Arene Butto, MD
My typical “Sunday scaries” showed up one day early this weekend, after spending a day furniture shopping with my husband for our new home. When I got home on Saturday night, I realized that I was going to have to spend my entire Sunday doing homework. Yes, real homework! I just started a Master of Science in Clinical Research and learned the hard way that looking up patients in Epic does not require the same brainpower as doing biostatistics questions or learning to program in R. It has been daunting, to say the least, to sit down with textbooks, to watch and participate in virtual classes, and to keep up with a mound of reading, problem sets, and group projects.
Despite this new workload (did I mention I have a grant due this week?), there is something different about this rendition of Sunday scaries: I am in a good mood. I just finished revising a paper that one of our fellows wrote, and I feel good. Not because I think it’s going into a major journal, but because I had the opportunity to give meaningful feedback. I remember the first time my mentor, Meryl Cohen, reviewed our paper. I didn’t recognize it. But I read her edits, and the edits of the many mentors who have followed, all of whom took the time to share wisdom about good writing, about clarifying your ideas, about explaining why your findings are new and different. I remember realizing that I had “caught the research bug,” as Laura Mercer-Rosa once told me. And now, I have the opportunity to get someone else on the hook. And tonight, that is enough to put me in a good mood.
As a junior faculty member in an incredibly large and busy program, it is easy to get swept up by the clinical needs of the program. My joint position as a cardiac intensivist and heart failure/transplant specialist means that I have two jobs. I usually joke that “it seemed like a good idea at the time” to do a DIY fellowship combining two fields. That comment typically comes up when I am on service for long stretches, like when I am transitioning from covering the transplant service to a week of nights in the CICU and parents say, “don’t you ever have a day off?”

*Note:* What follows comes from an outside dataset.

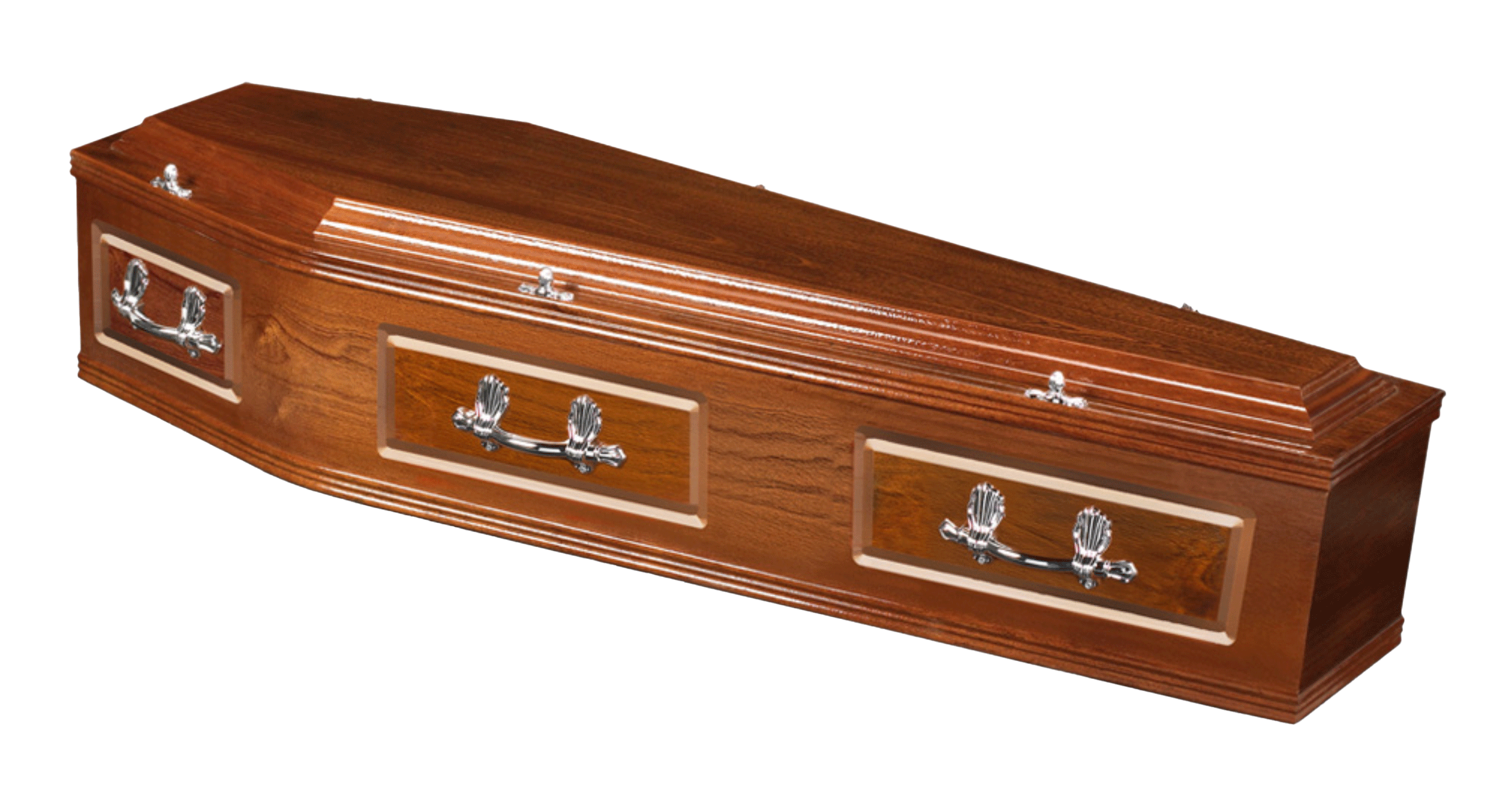 A traditional coffin with single bead moulding, finished in a light mahogany veneer.

Most of the time, I feel lucky. I feel lucky that I get to see patients transition from ECMO to VAD, to floor, to home, then back for transplant. I love being able to say, “I can’t wait to see you in transplant clinic,” to families that have been waiting for a heart for six months. I feel fortunate when I can tell families that we have gotten children through worse cases of rejection, that we have a world-class ECMO program, that I am one of 12 cardiac intensivists in our program, and that we are a true team, all fully committed to their child.

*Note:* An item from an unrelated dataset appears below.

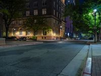 a city street at night with parking meters on either side and the road in the center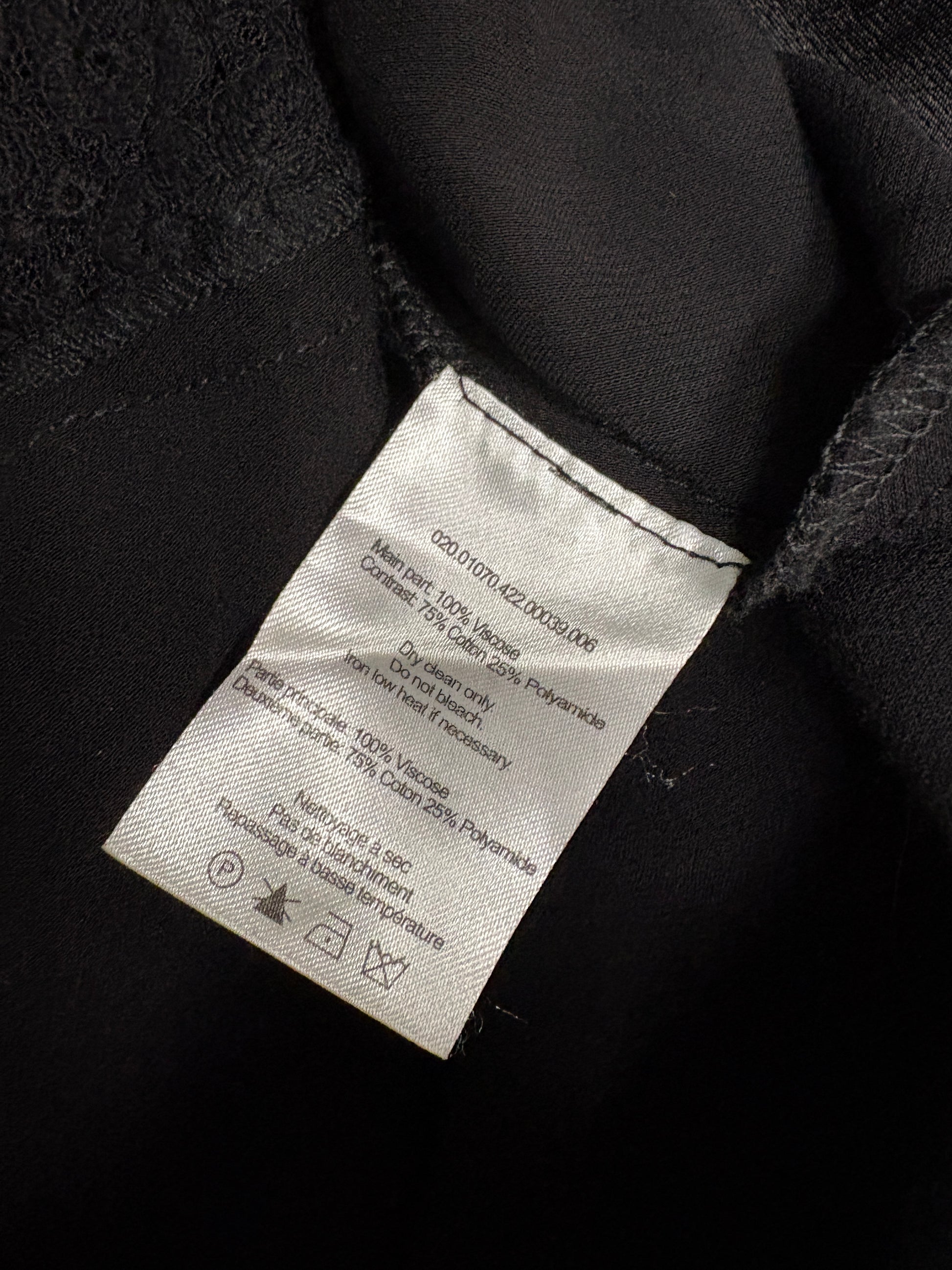 Rixo Black Stassie Satin Midi Skirt With Lace Trim

But there have been times when the clinical load takes its toll. When it feels like my voice, young and new to the program, does not feel heard. And that’s when the Sunday scaries aren’t just scary…they’re paralyzing. When I have trouble sleeping for an entire week of CICU service, fretting that I am not giving the best care to my complex congenital patients. When I stay up late reading articles about VAD options in single ventricle patients, hoping for a window in which my opinions are sought and valued, and then feeling defeated when my insights are ignored.

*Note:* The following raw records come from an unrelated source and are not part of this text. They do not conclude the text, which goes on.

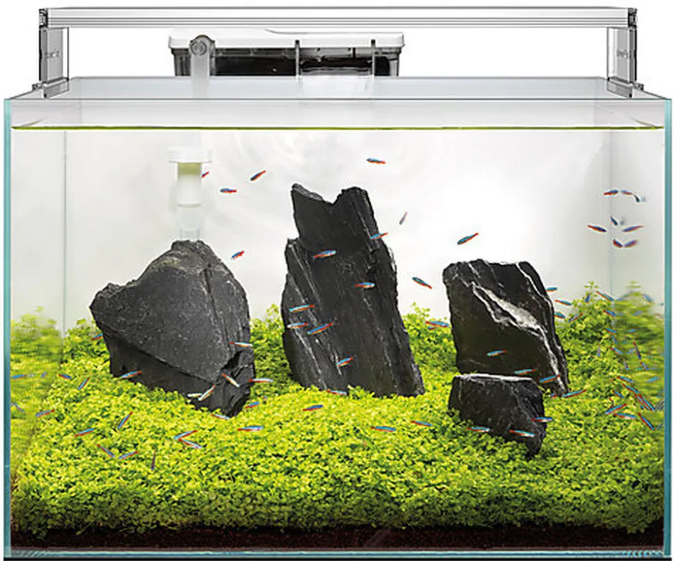 Grâce à ses dimensions parfaitement adaptées et à son équipement complet, cet aquarium est idéal pour accueillir petits poissons, crevettes et une grande variété de plantes aquatiques, pour un résultat esthétique et vivant.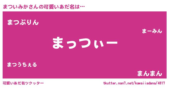 | 意味不明あだ名 | 『とにかく怪しいまついみか』 |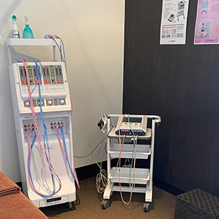 電気の刺激で筋肉の緊張を和らげ、血流を改善します。血行が促進されるので、体の痛みの緩和やコリを治療します。

In those times, I have learned that I should not jump back, or dive in…I should just lean. During my first year as an attending, I dived in, trying to be taken seriously. In my second year, I jumped back and may have missed opportunities for growth. This year, I am leaning on my work family, the most amazing group of colleagues I could imagine, who reassured me about my clinical acumen, who guided me on “picking my battles,” who supported me as I crammed more service into less time so that I could do the MSCR, and who cheered me on as I planned a destination wedding in the middle of a pandemic.
The support of my work family has been as immense as that of my family at home, allowing me to be absent from the CICU and transplant schedules for months at a time. And that support has given me time to reflect on why I love having two jobs and to remember that this MSCR is worthwhile. Ultimately, it’s not about me. It’s about us, and what we provide, from patient care in the ICU, to family support, to mentoring fellows, to new and exciting research questions. And when I remember that, nothing seems too scary.